Na plenária, dirigentes de seis escolas foram enfáticos: “Só vamos desfilar com a vacina”. E eles estão certos. O carnaval, uma festa feita do congraçamento de pessoas, que é impensável acontecer sem haver aglomeração, só pode acontecer de uma forma segura se todos os foliões estiverem devidamente vacinados. Isso parece possível, mas num futuro muito distante. Não tenho dúvidas que a decisão a ser tomada pela Liga em setembro seja o adiamento. Posso parecer pessimista incrédulo, mas vendo a situação que o Brasil criou para si mesmo, negligenciando a gravidade da pandemia, se surgir uma vacina até o final do ano, será que teremos estoque para imunizar milhões de brasileiros?
É só lembrar que os Estados Unidos, o país com maior número de casos e mortes no mundo todo, usou do seu poderio de nação maior do planeta para comprar 600 milhões de doses de uma vacina contra a Covid-19, produzidas por duas grandes empresas farmacêuticas, ou seja, praticamente todo o estoque. Vocês acham que sobrará uma “dosesinha” para o Brasil? Será que algum multinacional da área farmacêutica e científica dará credito ao mesmo país cujo governante disse que essa era apenas uma “Gripezinha” e faz uma campanha violenta em defesa de um medicamento contra o Coronavírus sem eficácia comprovada?

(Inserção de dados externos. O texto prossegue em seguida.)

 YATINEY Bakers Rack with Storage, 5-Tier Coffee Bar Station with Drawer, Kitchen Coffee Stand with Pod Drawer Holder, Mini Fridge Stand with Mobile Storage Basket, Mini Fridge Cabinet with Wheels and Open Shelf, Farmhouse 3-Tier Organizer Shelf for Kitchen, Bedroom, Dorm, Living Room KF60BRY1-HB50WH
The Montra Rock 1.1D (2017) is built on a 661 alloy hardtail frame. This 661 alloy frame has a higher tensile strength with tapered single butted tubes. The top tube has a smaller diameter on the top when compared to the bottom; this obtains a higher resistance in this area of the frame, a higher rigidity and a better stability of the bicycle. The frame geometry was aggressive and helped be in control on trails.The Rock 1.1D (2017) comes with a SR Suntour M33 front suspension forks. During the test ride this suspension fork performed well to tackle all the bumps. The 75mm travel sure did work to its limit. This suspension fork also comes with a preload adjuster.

Todo esse cenário local, nacional e global, só evidenciam que é impossível fazer carnaval em fevereiro. O ideal é que todos os grandes epicentros da festa se reunissem (como propôs o prefeito de Salvados, ACM Neto) para remarcar a realização do carnaval para o meio do ano. Quem sabe em maio, se houver vacina. Mas para não haver maior prejuízo à economia das cidades e, principalmente, para as pessoas das comunidades que dependem das escolas de samba, é crucial que os desfiles não seja adiados em 2022.

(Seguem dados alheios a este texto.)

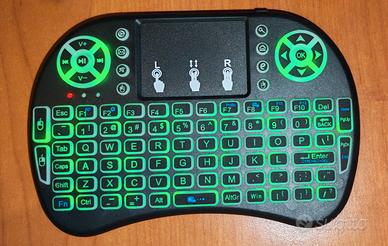 Tastierina wifi,touchpad, layout english, wi-fi con la sua chiavetta USB, tastiera retroilluminata a 5 colori, batteria ricaricabile.
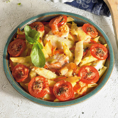 Dieser Nudelauflauf hat es in sich: Garnelen, Lachs und Kabeljau werden mit Möhren, Zucchini und Tomaten eingebacken.
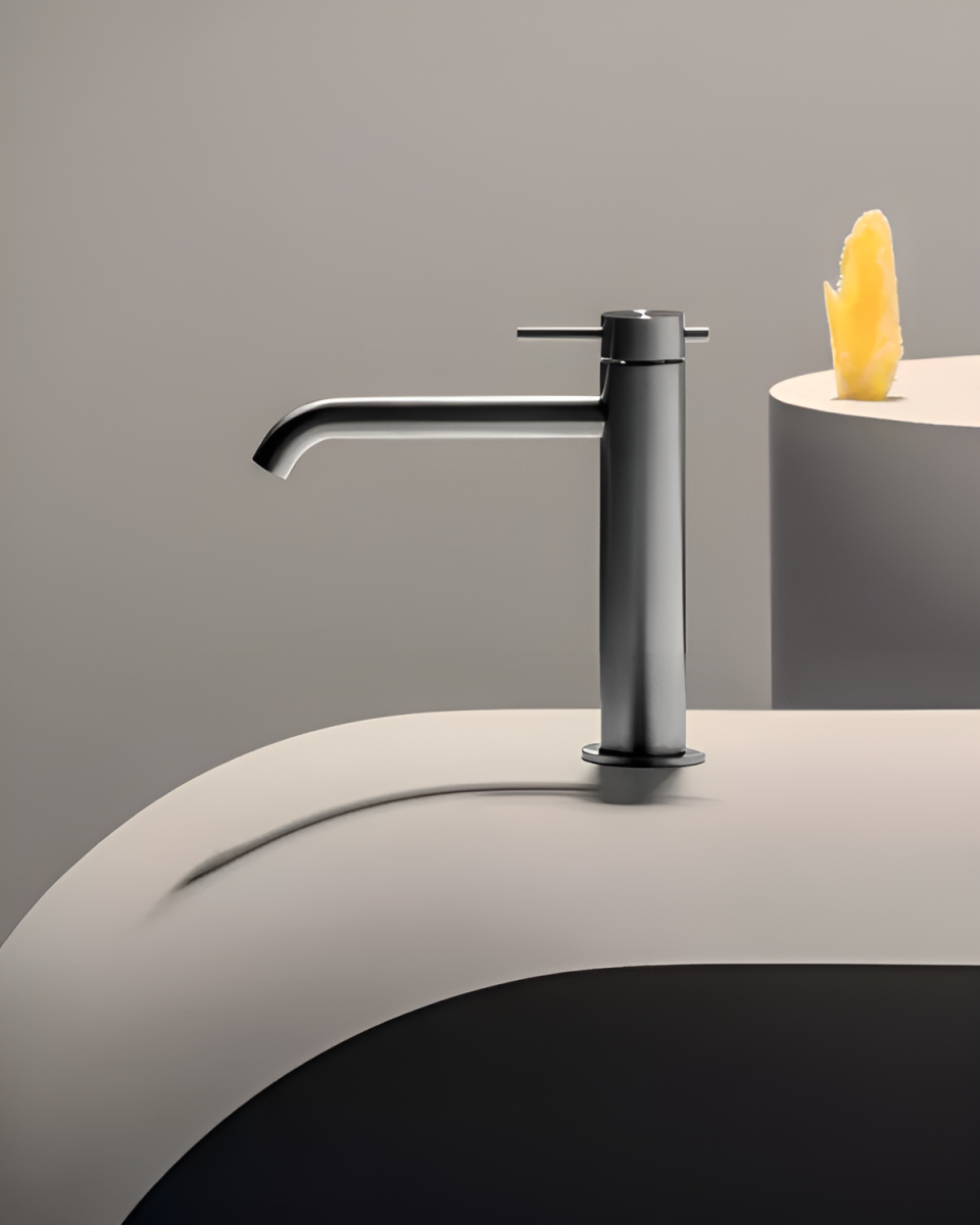Брашированная поверхность смесителя мягко рассеивает свет и создает сдержанный визуальный эффект. Однорычажный механизм обеспечивает плавное регулирование температуры и напора, а встроенный аэратор оптимизирует поток воды, снижая её потребление.

É aproveitando a quarentena que espero que as escolas de samba do Rio de Janeiro utilizem esse período, sentem-se no divã e reflitem: o que eu estou fazendo para sobreviver? Será que elas existem para desfilar ou desfilam por que existem? Mais do que nunca, a hercúlea missão para evitar a própria extinção deve partir, inicialmente, delas mesmas, sem esperar que a ajuda desça do céu. E até o que cai do céu, em dia de desfile, costuma dar muita dor de cabeça aos carnavalescos e diretores de harmonia.
Carnaval é Cultura, traz benefícios à economia da cidade e ao bolso de quem vive nas comunidades. Dessa forma, seu fim deve ser evitado a todo custo. Até mesmo por quem não gosta da festa, mas que é o primeiro a comemorar a entrada de dinheiro nos cofres.